__REQUIREMENT__
Transcribe only what runs from the line containing "宽松白色长袖圆领T恤男女款PUMA彪马官方新款冬季运动上衣 635050" through the end of the listing, line for line and exactly, and omit the pictures.

__COLLECTED MATERIAL__
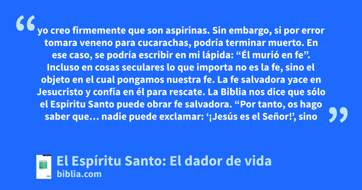 yo creo firmemente que son aspirinas. Sin embargo, si por error tomara veneno para cucarachas, podría terminar muerto. En ese caso, se podría escribir en mi lápida: “Él murió en fe”. Incluso en cosas seculares lo que importa no es la fe, sino el objeto en el cual pongamos nuestra fe. La fe salvadora yace en Jesucristo y confía en él para rescate. La Biblia nos dice que sólo el Espíritu Santo puede obrar fe salvadora. “Por tanto, os hago saber que… nadie puede exclamar: ‘¡Jesús es el Señor!’, sino
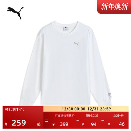 宽松白色长袖圆领T恤男女款PUMA彪马官方新款冬季运动上衣 635050
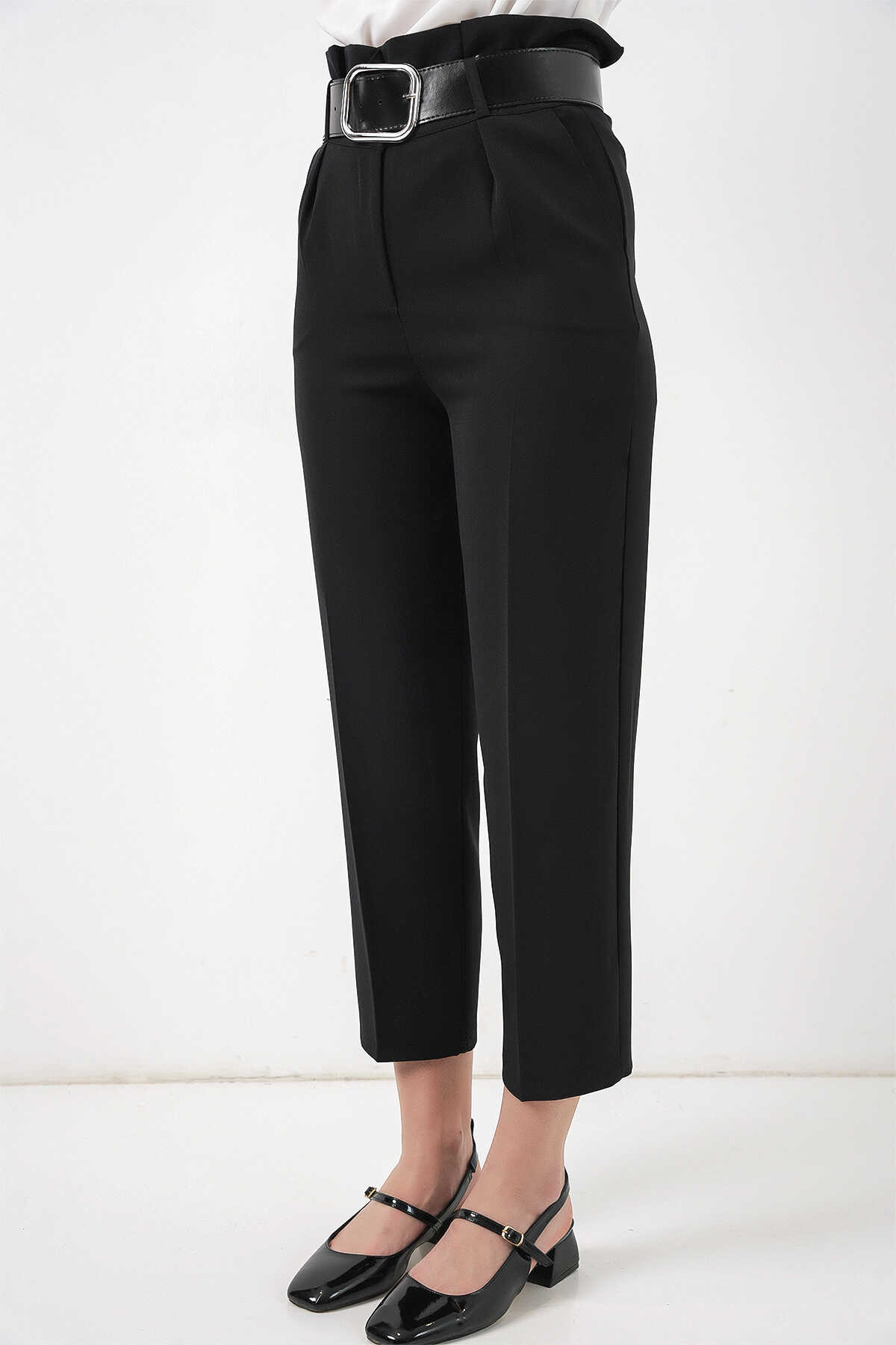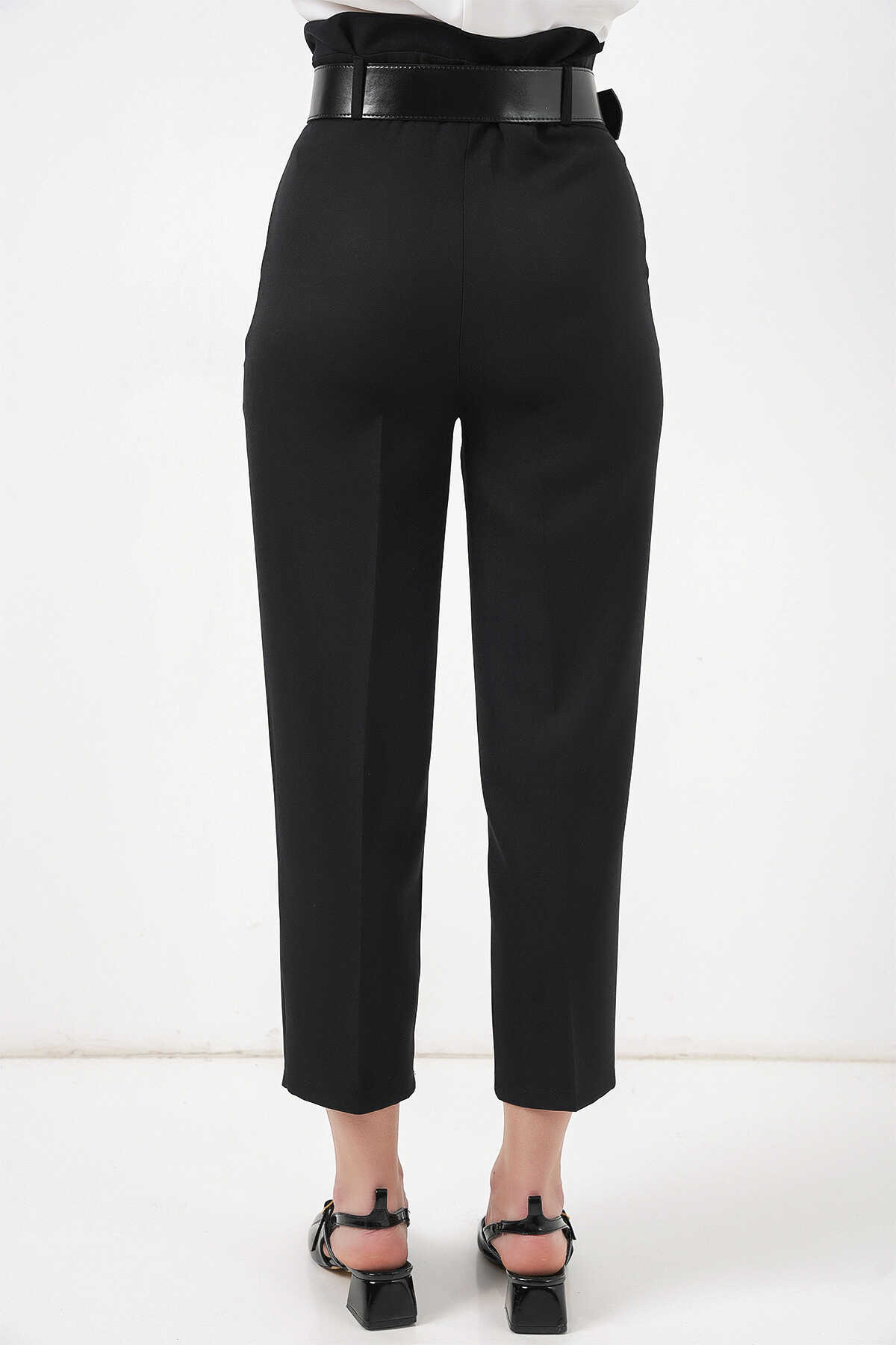 6556 Kemerli Kumaş Pantolon - Siyah

__SOLUTION TO THIS PROBLEM__
 宽松白色长袖圆领T恤男女款PUMA彪马官方新款冬季运动上衣 635050
 6556 Kemerli Kumaş Pantolon - Siyah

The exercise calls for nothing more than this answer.